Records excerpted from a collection
--------

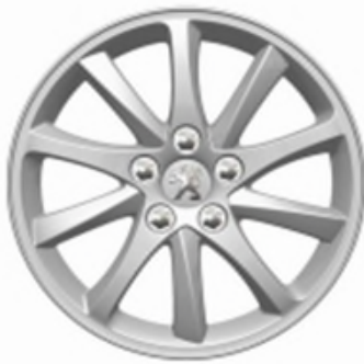
Jantes alliage 16" Style 01
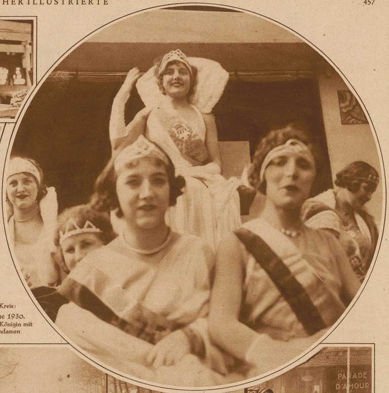
Rechts im Kreis: Mi-Carême 1930. Die diesjährige Königin mit ihren Ehrendamen
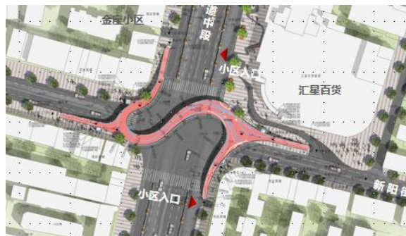
图1-3 天桥平面布置图

降低桥梁跨径，太和大道为城市南北主轴，为城市主干道，设置双向6个车道，若在路口中央设置桥墩，不但影响太和大道整体景观，同时对交通影响较大，同时存在安全隐患。故考虑在汇星百货侧广场边及对角处设置桥墩，这样主桥跨径60m左右，钢箱梁采用整体曲线变宽造型，主墩采用四肢钢管柱。能满足整体轻盈完美贴合整体景观需求。装饰采用金属格栅，照明可利用发光灯带照明、线条装饰、内透光灯槽、均匀点光源等等，力求表现层次分明、动静相融的立体美感，使整座桥在夜间成为明暗相间、色彩协调的照明景观。独立桥栏的照明灯具可等距离安装，造型根据桥栏形状确定，灯具之间采用LED发光带衬托，贯穿于整座桥栏，点与线的结合强调桥的整体结构，以表现桥栏的曲线美。
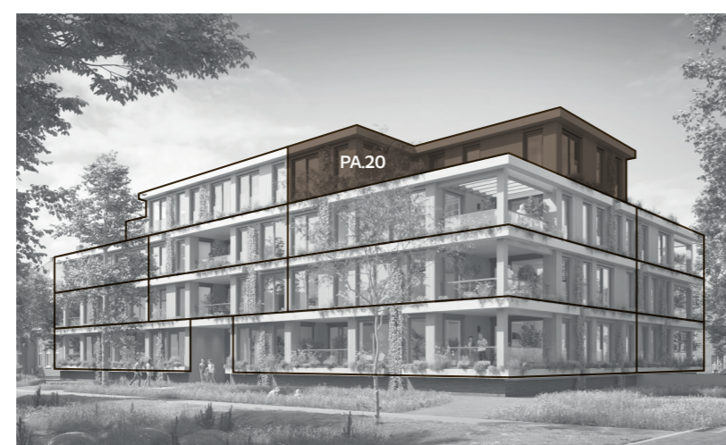
Voorgevel (oosten) & rechterzijgevel (noorden)
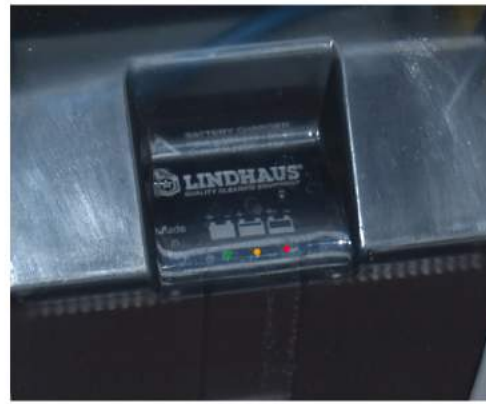
7. Kontrollera batteriets laddningsnivå: A. Grön: laddat, du kan arbeta med maskinen. B. Orange: snart urladdat, ladda maskinen eller anslut sladden. C. Röd: urladdat, avbryt arbetet och ladda maskinen.

LADDA ALLTID BATTERIET EFTER ANVÄNDNING.
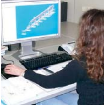
Unsere qualifizierten Entwicklungsingenieure erarbeiten innovative Lösungen – unterstützt durch moderne CAD-Systeme
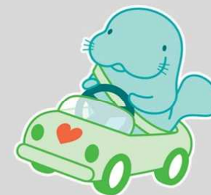
NEXCO東日本 マナーアップキャラクター「マナーティ」

冬道で安全に走行するためには溝の深さが新品から50%程度摩耗したタイミング(5.0mm)が交換時期です。
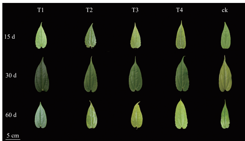
图 1 遮光对单叶铁线莲叶片形态变化的影响

遮光处理 30 d 后单叶铁线莲叶片颜色均比对照颜色深，其中 T1 为浓绿色；处理 60 d 后，T3、T4 处理组叶片发黄，对照叶片边缘及叶尖出现明显的皱缩和焦枯现象 (图 1)。表明遮光处理有利于叶片生长，高光强叠加高温会降低叶绿素的合成甚至使叶片受到损害。
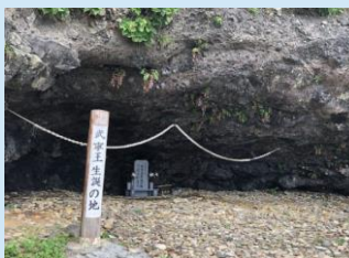
オビヤ浦 百済第25代王 武寧王 生誕地
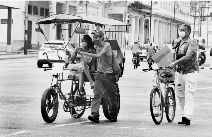
6月22日,人们在古巴首都哈瓦那戴口罩出行。古巴公共卫生部22日公布的数据显示,过去一天该国新增新冠确诊病例1489例,累计确诊病例达170854例。

--------

Quote, word for word and nothing more, every line from the line with "遮光处理 30 d 后单叶铁线莲叶片颜色均比对照颜色深，其中" to the end of the entries, including both ends; skip any pictures.

遮光处理 30 d 后单叶铁线莲叶片颜色均比对照颜色深，其中 T1 为浓绿色；处理 60 d 后，T3、T4 处理组叶片发黄，对照叶片边缘及叶尖出现明显的皱缩和焦枯现象 (图 1)。表明遮光处理有利于叶片生长，高光强叠加高温会降低叶绿素的合成甚至使叶片受到损害。
オビヤ浦 百済第25代王 武寧王 生誕地
6月22日,人们在古巴首都哈瓦那戴口罩出行。古巴公共卫生部22日公布的数据显示,过去一天该国新增新冠确诊病例1489例,累计确诊病例达170854例。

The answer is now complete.